━━ RECORDED INFORMATION ━━

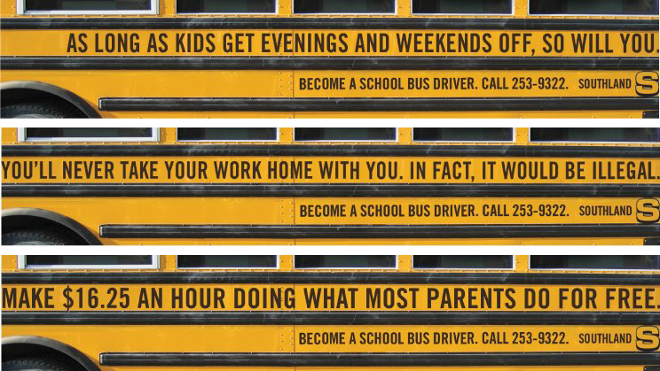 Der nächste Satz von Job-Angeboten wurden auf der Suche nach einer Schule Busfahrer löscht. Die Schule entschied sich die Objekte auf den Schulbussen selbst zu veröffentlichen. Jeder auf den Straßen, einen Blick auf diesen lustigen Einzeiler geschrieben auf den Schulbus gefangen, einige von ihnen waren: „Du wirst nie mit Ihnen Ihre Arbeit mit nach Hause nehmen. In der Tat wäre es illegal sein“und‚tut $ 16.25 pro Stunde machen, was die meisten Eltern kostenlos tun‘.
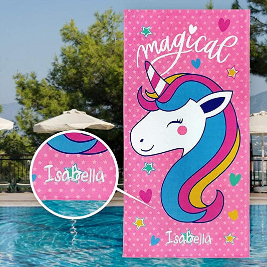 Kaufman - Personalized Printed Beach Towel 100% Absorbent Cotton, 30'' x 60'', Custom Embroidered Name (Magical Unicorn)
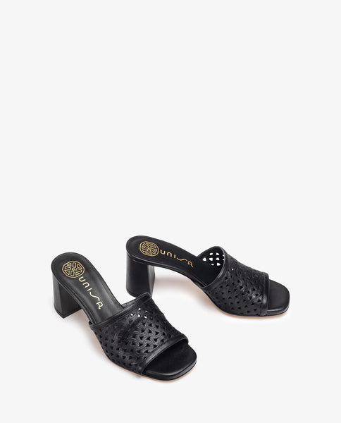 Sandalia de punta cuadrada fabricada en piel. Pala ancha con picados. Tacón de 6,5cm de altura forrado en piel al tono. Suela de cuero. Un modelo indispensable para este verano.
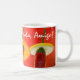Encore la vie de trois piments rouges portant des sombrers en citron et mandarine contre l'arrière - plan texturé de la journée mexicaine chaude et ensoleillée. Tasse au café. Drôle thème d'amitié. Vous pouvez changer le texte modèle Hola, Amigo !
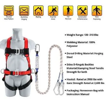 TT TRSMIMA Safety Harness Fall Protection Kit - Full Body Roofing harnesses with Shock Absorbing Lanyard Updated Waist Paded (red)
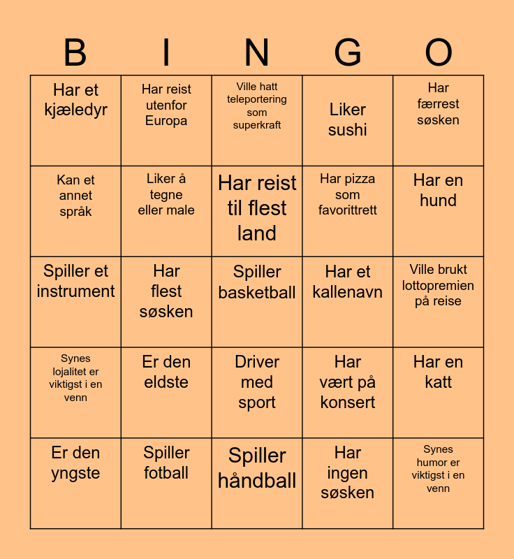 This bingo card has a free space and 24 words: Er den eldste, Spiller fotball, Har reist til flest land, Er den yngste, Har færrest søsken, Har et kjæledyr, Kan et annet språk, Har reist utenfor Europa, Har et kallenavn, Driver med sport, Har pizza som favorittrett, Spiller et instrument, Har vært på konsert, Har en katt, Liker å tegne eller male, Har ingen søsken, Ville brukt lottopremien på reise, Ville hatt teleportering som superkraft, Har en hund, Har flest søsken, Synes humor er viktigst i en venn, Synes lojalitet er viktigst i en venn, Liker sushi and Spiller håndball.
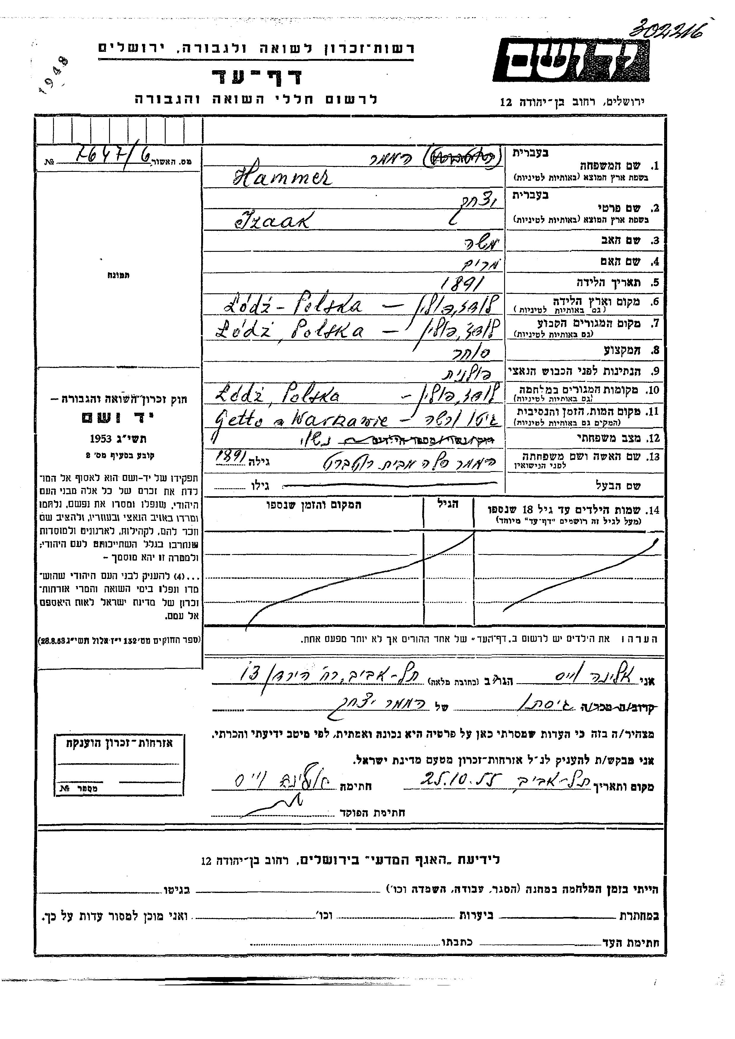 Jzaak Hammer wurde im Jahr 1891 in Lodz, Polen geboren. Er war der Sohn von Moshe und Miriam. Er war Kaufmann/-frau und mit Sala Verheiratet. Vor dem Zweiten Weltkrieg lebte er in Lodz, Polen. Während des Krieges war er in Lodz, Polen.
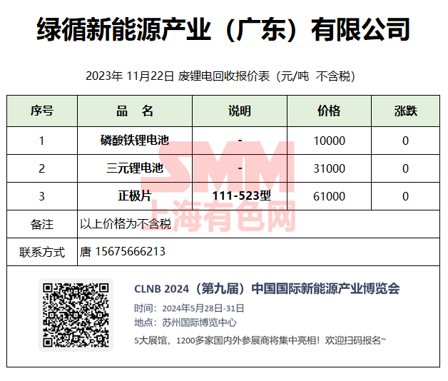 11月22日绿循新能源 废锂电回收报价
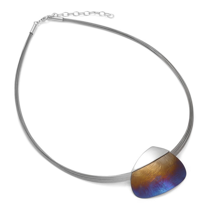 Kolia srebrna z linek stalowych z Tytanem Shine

━━━
━━ RECORDED INFORMATION ━━

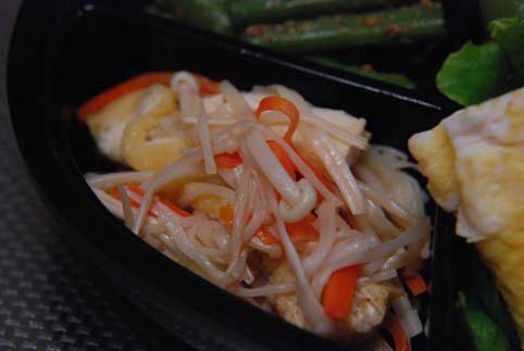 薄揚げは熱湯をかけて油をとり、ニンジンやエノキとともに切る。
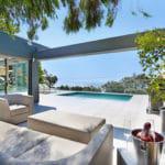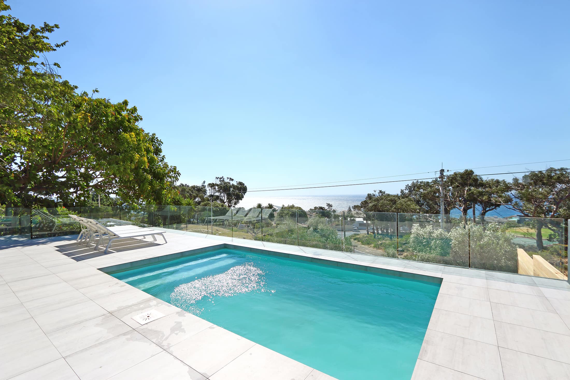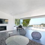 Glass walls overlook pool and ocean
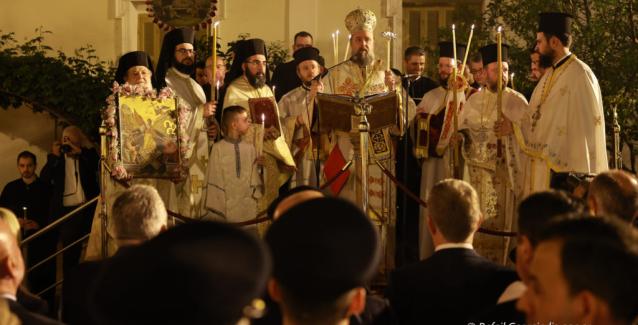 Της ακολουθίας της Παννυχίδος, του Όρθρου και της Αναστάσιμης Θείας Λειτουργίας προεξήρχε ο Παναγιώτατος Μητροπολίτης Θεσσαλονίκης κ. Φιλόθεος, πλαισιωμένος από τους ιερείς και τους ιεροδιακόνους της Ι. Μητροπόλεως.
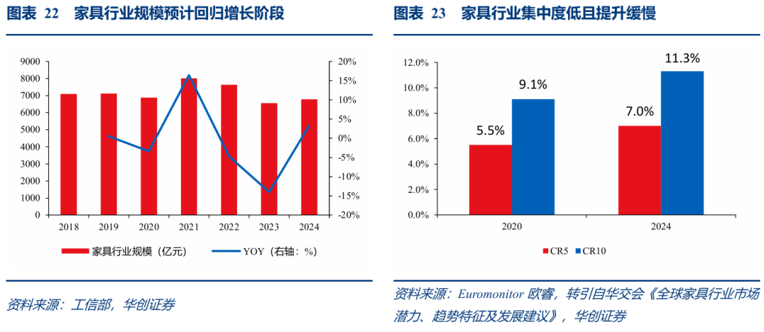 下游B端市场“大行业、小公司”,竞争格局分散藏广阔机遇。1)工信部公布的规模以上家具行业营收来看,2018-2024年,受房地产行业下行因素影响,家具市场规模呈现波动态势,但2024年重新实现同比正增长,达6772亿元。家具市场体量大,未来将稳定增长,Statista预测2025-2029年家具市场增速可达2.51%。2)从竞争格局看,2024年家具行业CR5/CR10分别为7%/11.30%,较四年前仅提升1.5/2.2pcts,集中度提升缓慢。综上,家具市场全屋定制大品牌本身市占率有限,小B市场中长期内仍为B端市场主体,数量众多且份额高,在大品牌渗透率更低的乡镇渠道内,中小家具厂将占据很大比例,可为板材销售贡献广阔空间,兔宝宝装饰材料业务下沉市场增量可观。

━━━

*EXERCISE DESCRIPTION*
Look through the listing above for the line with "Der nächste Satz" and the line with "TT TRSMIMA Safety". Write out exactly those lines and everything between, leaving out pictures.

*EXERCISE RESPONSE*
 Der nächste Satz von Job-Angeboten wurden auf der Suche nach einer Schule Busfahrer löscht. Die Schule entschied sich die Objekte auf den Schulbussen selbst zu veröffentlichen. Jeder auf den Straßen, einen Blick auf diesen lustigen Einzeiler geschrieben auf den Schulbus gefangen, einige von ihnen waren: „Du wirst nie mit Ihnen Ihre Arbeit mit nach Hause nehmen. In der Tat wäre es illegal sein“und‚tut $ 16.25 pro Stunde machen, was die meisten Eltern kostenlos tun‘.
 Kaufman - Personalized Printed Beach Towel 100% Absorbent Cotton, 30'' x 60'', Custom Embroidered Name (Magical Unicorn)
 Sandalia de punta cuadrada fabricada en piel. Pala ancha con picados. Tacón de 6,5cm de altura forrado en piel al tono. Suela de cuero. Un modelo indispensable para este verano.
Encore la vie de trois piments rouges portant des sombrers en citron et mandarine contre l'arrière - plan texturé de la journée mexicaine chaude et ensoleillée. Tasse au café. Drôle thème d'amitié. Vous pouvez changer le texte modèle Hola, Amigo !
 TT TRSMIMA Safety Harness Fall Protection Kit - Full Body Roofing harnesses with Shock Absorbing Lanyard Updated Waist Paded (red)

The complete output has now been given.